Some of the greatest critics and persecutors of The Church of Jesus Christ of Latter-day Saints (frequently misnamed the “Mormon Church” by the media and those of other faiths) are exMormons. ExMormons, as some of them term themselves, are people who have been excommunicated for serious sins or who have, for their own reasons, decided to leave the Church. The Church has only one attitude towards these people: love and forgiveness. If these individuals humble themselves and seek repentance and forgiveness, they are welcomed back into the fold. Too often, however, those who leave the Church become angry and bitter, turning against the Church and striking out at its leaders and members.

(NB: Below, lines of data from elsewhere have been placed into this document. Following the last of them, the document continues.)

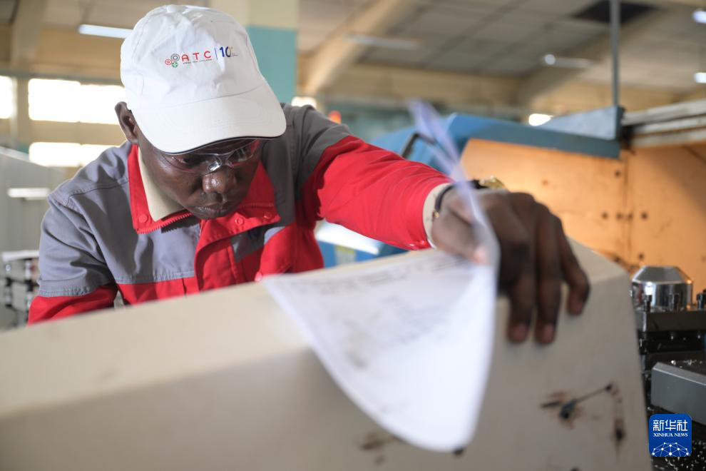 8月29日,在位于肯尼亚首都内罗毕的肯尼亚科技大学,一名第十届非洲职业技能挑战赛的参赛选手在数控机床前工作。新华社记者 杨光 摄
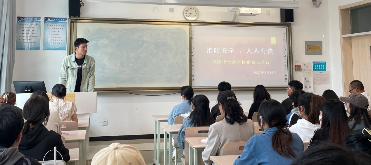 辅导员殷春兰传达了近期排查宿舍情况,辅导员乔祥山就宿舍文明建设方面给同学们提出了建议,辅导员巩鲜妮普及了三无产品知识及其引发火灾的原因。
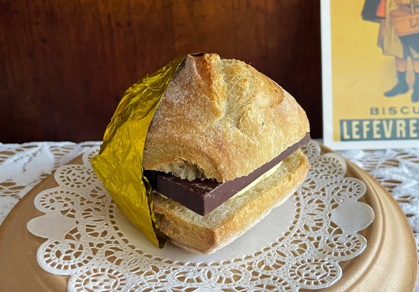 The simple, slightly sweet sandwich is a French favourite. “A very traditional gouter option is a slice of bread with butter on it and a few squares of chocolate,” he tells Broadsheet. “We had that all the time in the ’90s.”
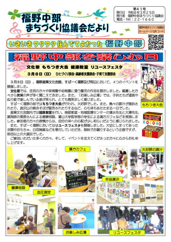 同時開催した文化祭・もちつき大会・健康教室・リユースフェスタの模様と、男女共同参画アンケート集計結果を掲載しています。
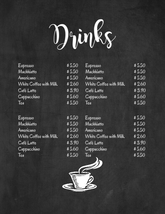 Chalk Board Hot Drinks Menu Bar Ad Price List Template PosterMyWall
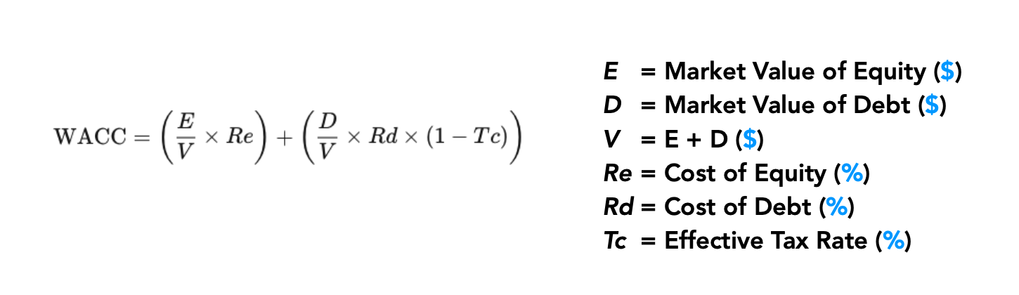 WACC = (Market Value of Equity (MVE) ÷ (MVE + MVD) x Cost of Equity ) + (Market Value of Debt (MVD) ÷ (MVE + MVD) x Cost of Debt x (1 - Effective Tax Rate)
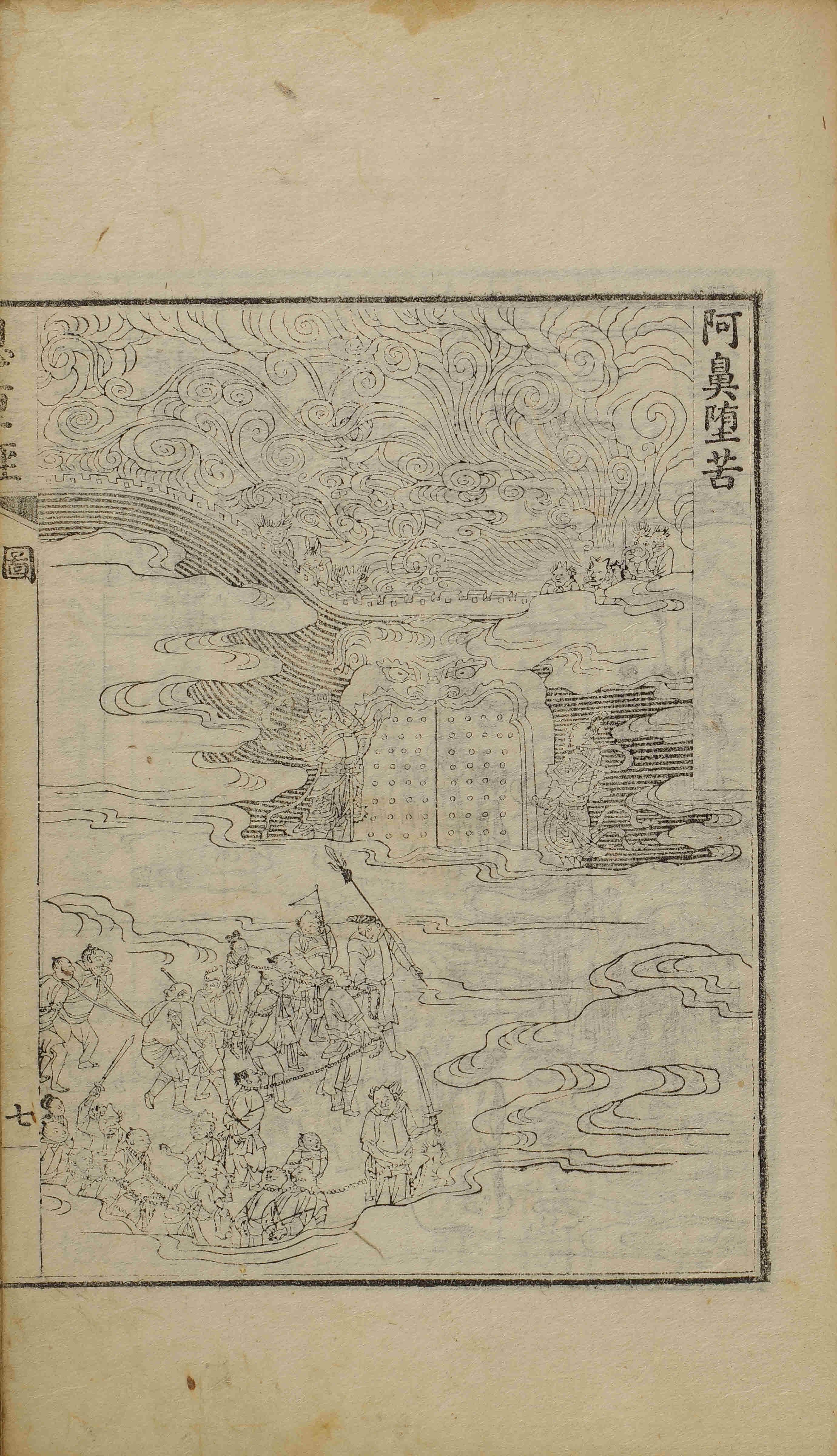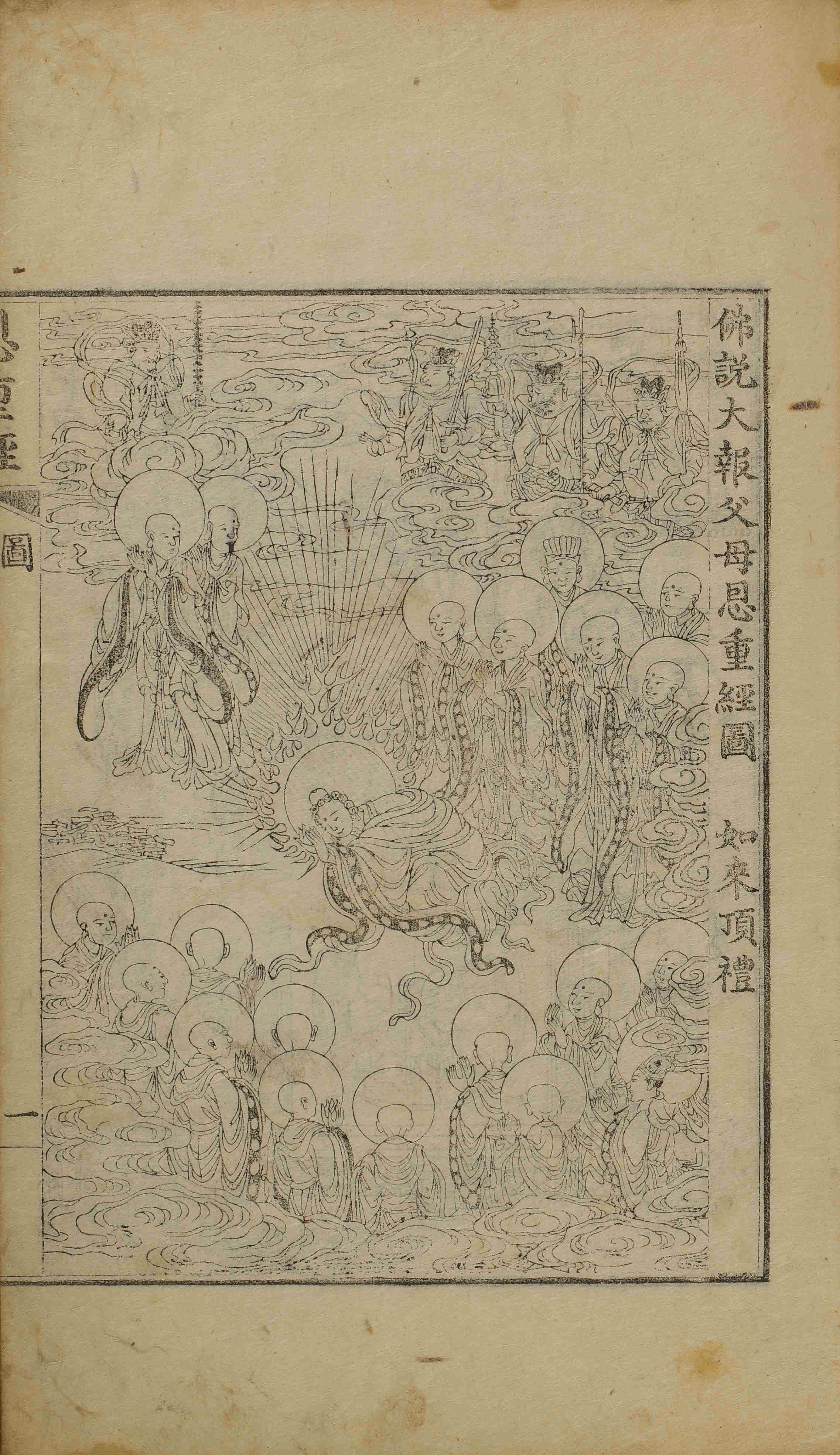 - 31張(科判: 張次 第1-2張 / 圖像: 張次 第1-7張 / 恩重經: 張次 第1-22張), 圖像, 四周雙邊 半郭 22.3×16.1 cm , 有界, 8行16字, 上花口('恩重經' 陽刻)下白口, 上下向黑魚尾 ; 32.5×20.7 cm.
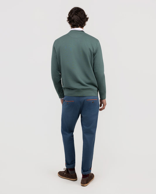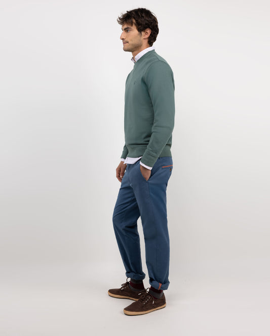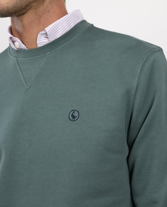 Sudadera lisa de hombre confeccionada en felpa 100% algodón, tintada en prenda envejecida para darle un acabado lavado. Tiene un corte Regular Fit, cuello redondo y manga larga. Lleva logo bordado en el pecho.
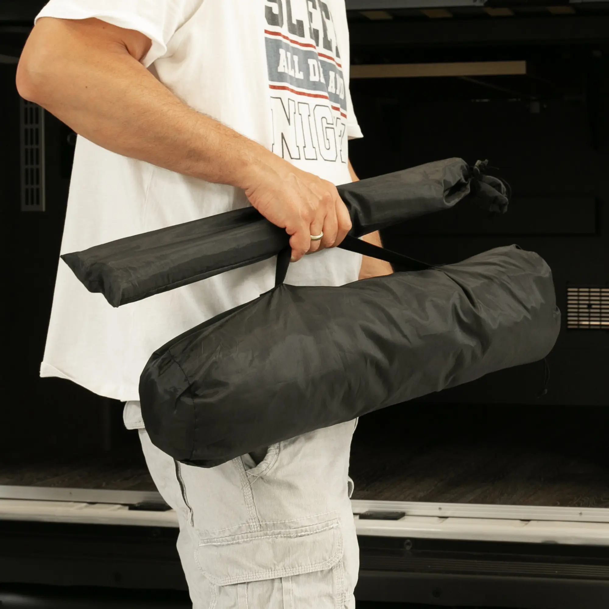 Unsere Transport- und Stauraumtasche ist 115 x 100 x 50 cm groß und wurde speziell für die Bedürfnisse von Campern entwickelt. Durch die horizontale Montage bleibt der Fahrzeugboden frei, während Ihre Campingmöbel sicher und sauber über dem restlichen Gepäck schweben. Die große Reißverschluss-Öffnung an der Vorderseite ermöglicht Ihnen jederzeit einen schnellen und unkomplizierten Zugriff auf den Inhalt.
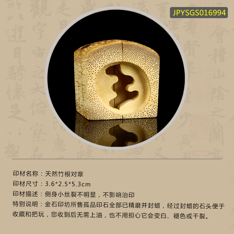 孤品016994-天然竹根对章3.6*2.5*5.3cm
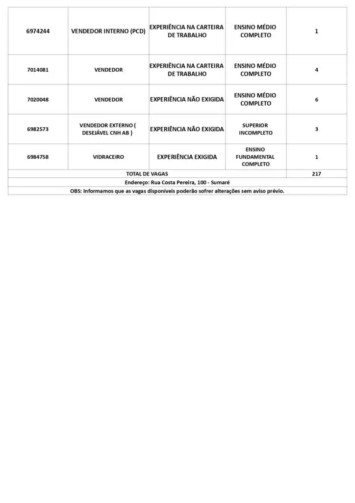 As oportunidades de emprego são para diversos cargos e níveis de escolaridade
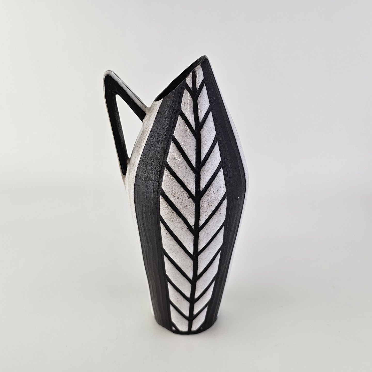 Text zugänglich auf Dänische: Vase med hank i keramik fra Negro serien med abstrakt motiv på mørk baggrund. Nr. 5513
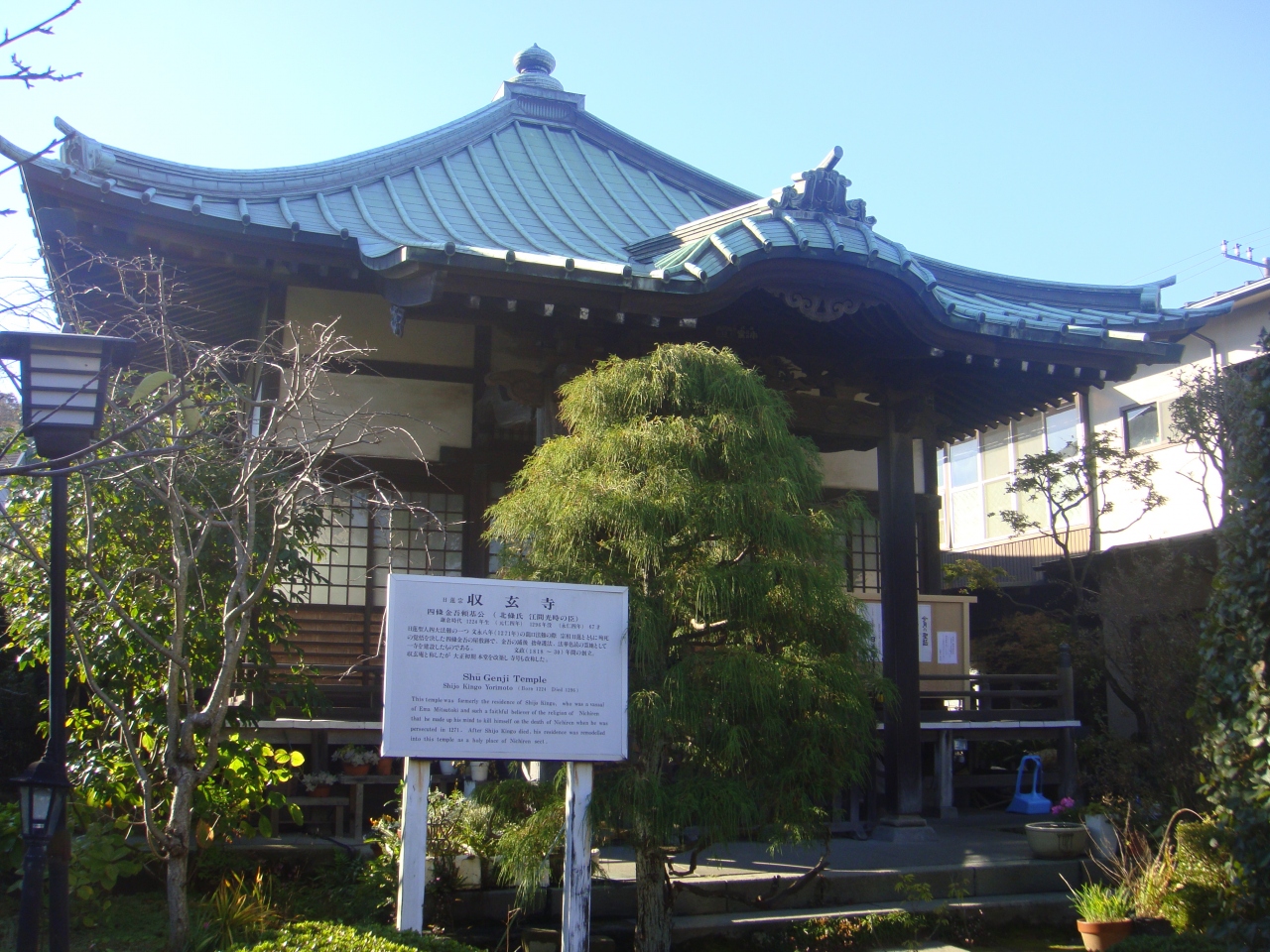 江ノ電長谷駅から大仏方面へ歩くと、左側に鎌倉時代の武士四条頼基の邸宅跡に創建された収玄庵に始まるとされる小さなお寺「収玄寺」があります。境内に東郷平八郎の揮毫による「四条金吾邸址」の石碑がありますが、観光客はほとんどいませんでした。

Almost since the organization of the Church, exMormons have chosen both paths. Even men who held prominent positions in the Church turned away, often due to trivial occurrences in which they had their feelings hurt. Thomas B. Marsh, then president of the Quorum of the Twelve Apostles, and Symonds Ryder are both examples of this. Marsh even signed affidavits swearing falsely that the Mormons were hostile to the state of Missouri, which action was influential in an extermination order being issued from Governor Boggs. This extermination order gave mobs the freedom to drive the Saints out of Missouri. Ryder later led a mob which tarred and feathered Joseph Smith and Sidney Rigdon. Yet another angry dissenter, Philastus Hurlbut (excommunicated for immorality) was the instrument in constructing and compiling scores of affidavits slandering Joseph Smith’s character. Hurlbut’s efforts culminated in the publication of Mormonism Unvailed in 1834, which was full of falsehoods and which still affects the public’s views of Mormonism today.
Joseph identified the motives for people who had once been so close to the Church suddenly turning against it:
There is a superior intelligence bestowed upon such as obey the Gospel with full purpose of heart, which, if sinned against, the apostate is left naked and destitute of the Spirit of God, and he is, in truth, nigh unto cursing, and his end is to be burned. When once that light which was in them is taken from them they become as much darkened as they were previously enlightened, and then, no marvel, if all their power should be enlisted against the truth, and they, Judas-like, seek the destruction of those who were their greatest benefactors (Teachings of Presidents of the Church: Joseph Smith, p321).
Renegade ‘Mormon’ dissenters are running through the world and spreading various foul and libelous reports against us, thinking thereby to gain the friendship of the world, because they know that we are not of the world, and that the world hates us; therefore they [the world] make a tool of these fellows [the dissenters]; and by them try to do all the injury they can, and after that they hate them worse than they do us, because they find them to be base traitors and sycophants [flatterers] (Teachings of Presidents of the Church: Joseph Smith, p322).
In the early days of the Church, men often wanted more power in the Church and so turned against Joseph. Power in The Church of Jesus Christ of Latter-day Saints, however, comes from the priesthood, which power comes only through God. Therefore, power cannot be sought after and gained; it is extended through callings from God. Those who seek power will never get it, and that desire will only lead to their destruction. For those who have turned away from the Church, a return is always possible and is always desired by Church leaders. Many who turned against the Church in its early days returned at the end of their lives. Thomas B. Marsh and Oliver Cowdery came back and received full fellowship. Anger on an exMormon’s part only hurts the individual but can be eradicated through repentance. The Savior always welcomes those who return to Him in humility.
There are many reasons why a person may choose to leave the Church, though. And certainly not all of them turn into anti-Mormons eager to bring about the destruction of the Church. Some are excommunicated because of serious sin; some simply lose interest; others may be offended by other members or even leaders; some become disillusioned. Still, any and all who humble themselves and repent are welcome to return and partake in full fellowship once more.